# Statistics help needed

• Jan 7th 2009, 09:16 AM
bill2010
Statistics help needed
Im stuck with understanding course material on probability distributions.
I need some help working out and understanding :-

if there is an exact negative linear relationship between Y and X -

Y = a - bX,

a and b are positive-valued parameters, and X and Y are R.V.s

The value of the correlation coefficient corresponding to X and Y is equal to –1

• Jan 7th 2009, 02:23 PM
mr fantastic
Quote:

Originally Posted by bill2010
Im stuck with understanding course material on probability distributions.
I need some help working out and understanding :-

if there is an exact negative linear relationship between Y and X -

Y = a - bX,

a and b are positive-valued parameters, and X and Y are R.V.s

The value of the correlation coefficient corresponding to X and Y is equal to –1

What is the actual problem you have here ...?
• Jan 7th 2009, 03:23 PM
bill2010
Its not a very clear question.

I think its saying that if there is a negative linear relationship between X and Y, that it must have a correllation coefficient of -1.
Basically it has to just be shown.

• Jan 8th 2009, 07:05 PM
mr fantastic
Quote:

Originally Posted by bill2010
Its not a very clear question.

I think its saying that if there is a negative linear relationship between X and Y, that it must have a correllation coefficient of -1.
Basically it has to just be shown.

Have you tried starting from the definition: $\rho = \frac{Cov(X, Y)}{\sigma_X \sigma_Y}$.
• Jan 8th 2009, 09:35 PM
mr fantastic
Quote:

Originally Posted by mr fantastic
Have you tried starting from the definition: $\rho = \frac{Cov(X, Y)}{\sigma_X \sigma_Y}$.

$Y = b - aX$

$\Rightarrow E(Y) = b - a E(X)$ .... (1)

and

$\sigma_Y = a \sigma_X$ .... (2) since $a > 0$ is given.

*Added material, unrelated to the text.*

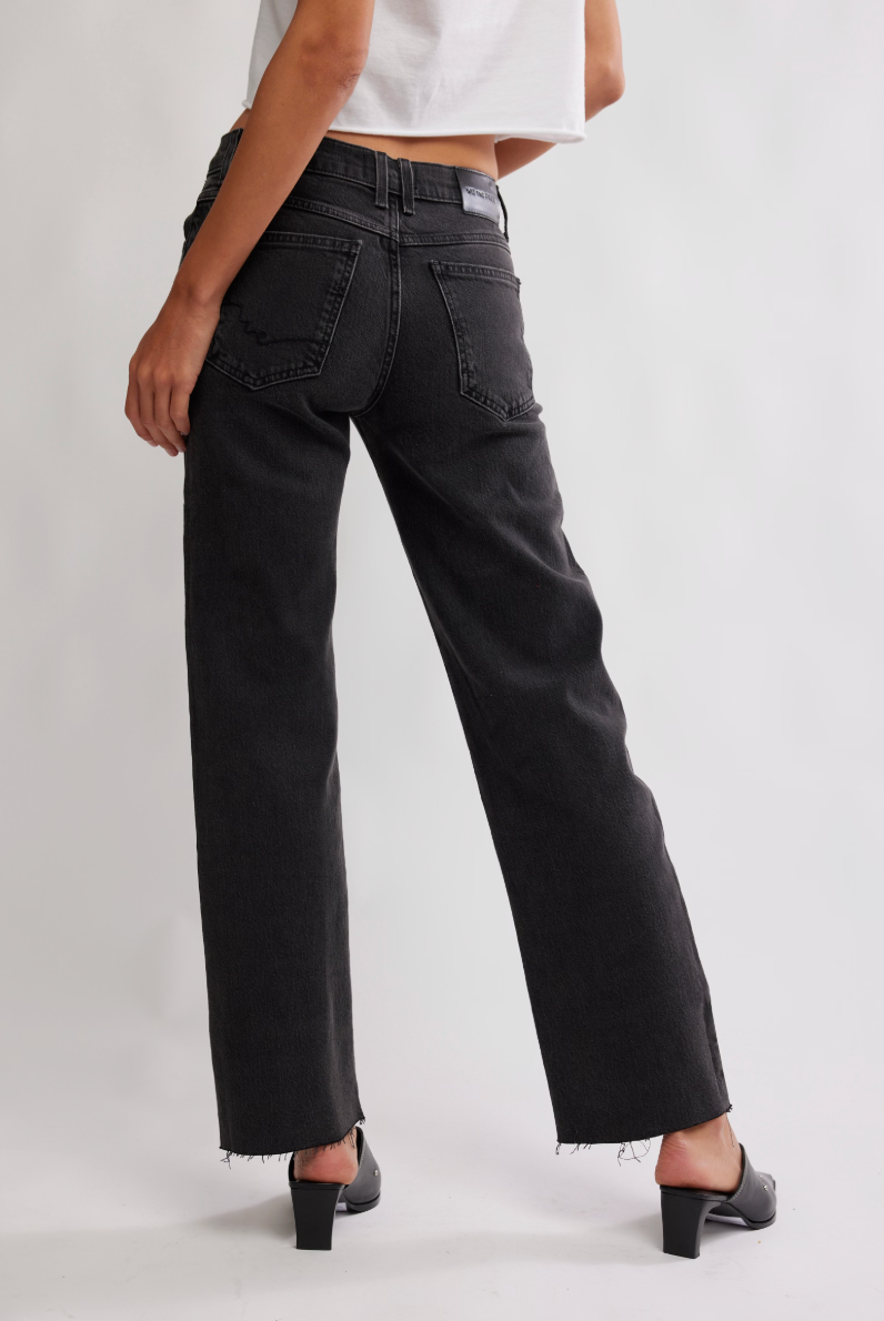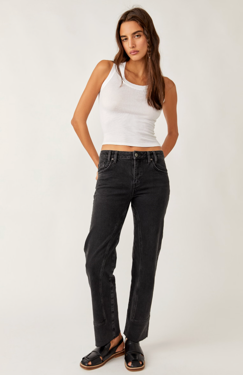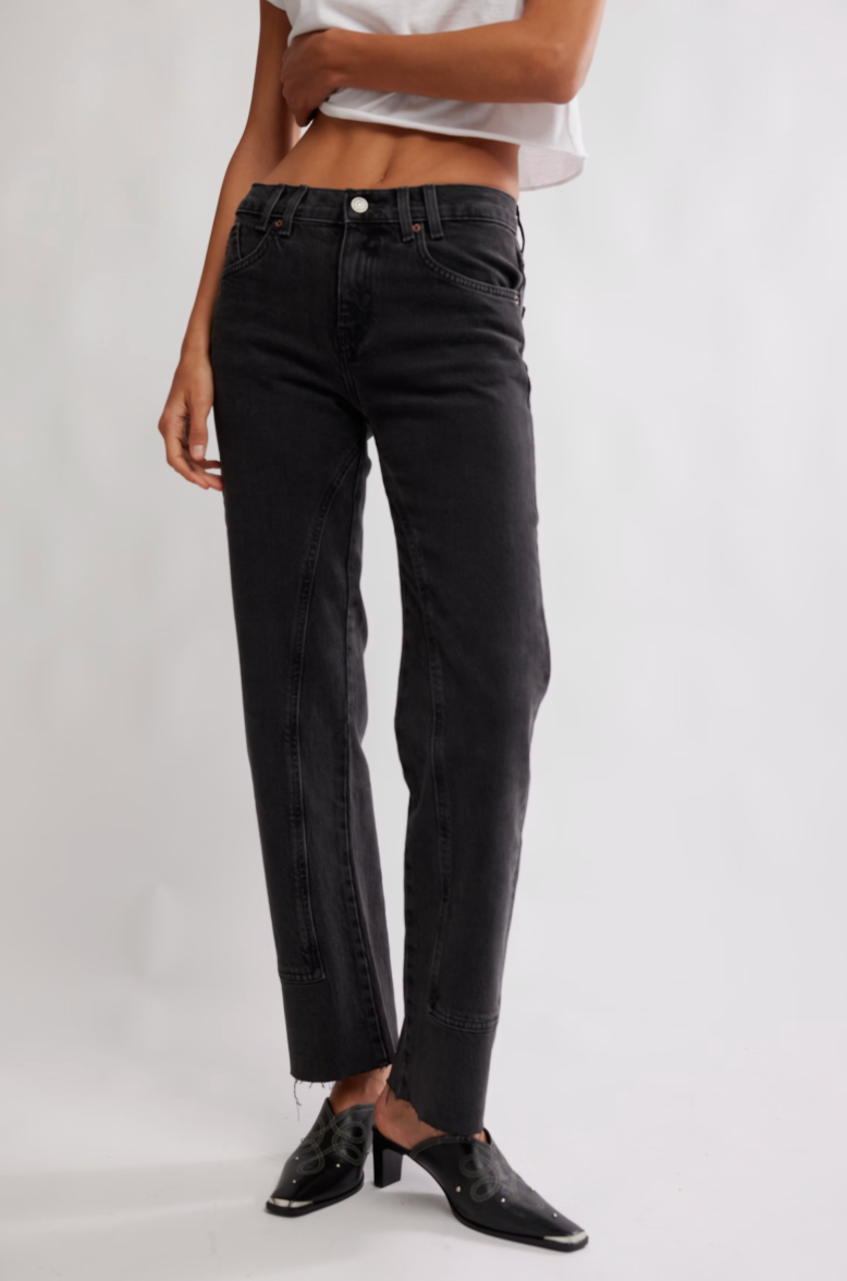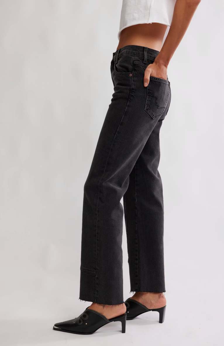 Fit: Mid-rise, true straight silhouette with semi-rigid denim

$Cov(X, Y) = E(XY) - E(X)E(Y) = E(X (b - aX)) - E(X) \cdot [b - a E(X)]$

using (1)

$= E(bX - aX^2) - b E(X) + a [E(X)]^2 = b E(X) - a E(X^2) - b E(X) + a [E(X)]^2$

$= a ([E(X)]^2 - E(X^2)) = - a Var(X) = -a \sigma^2_X$ .... (3)

Substitute (2) and (3) into the formula for $\rho$: $\rho = \frac{-a \sigma_X^2}{a \sigma_X^2} = -1$.
• Jan 9th 2009, 10:51 AM
bill2010
Thanks again Mr F(Bow)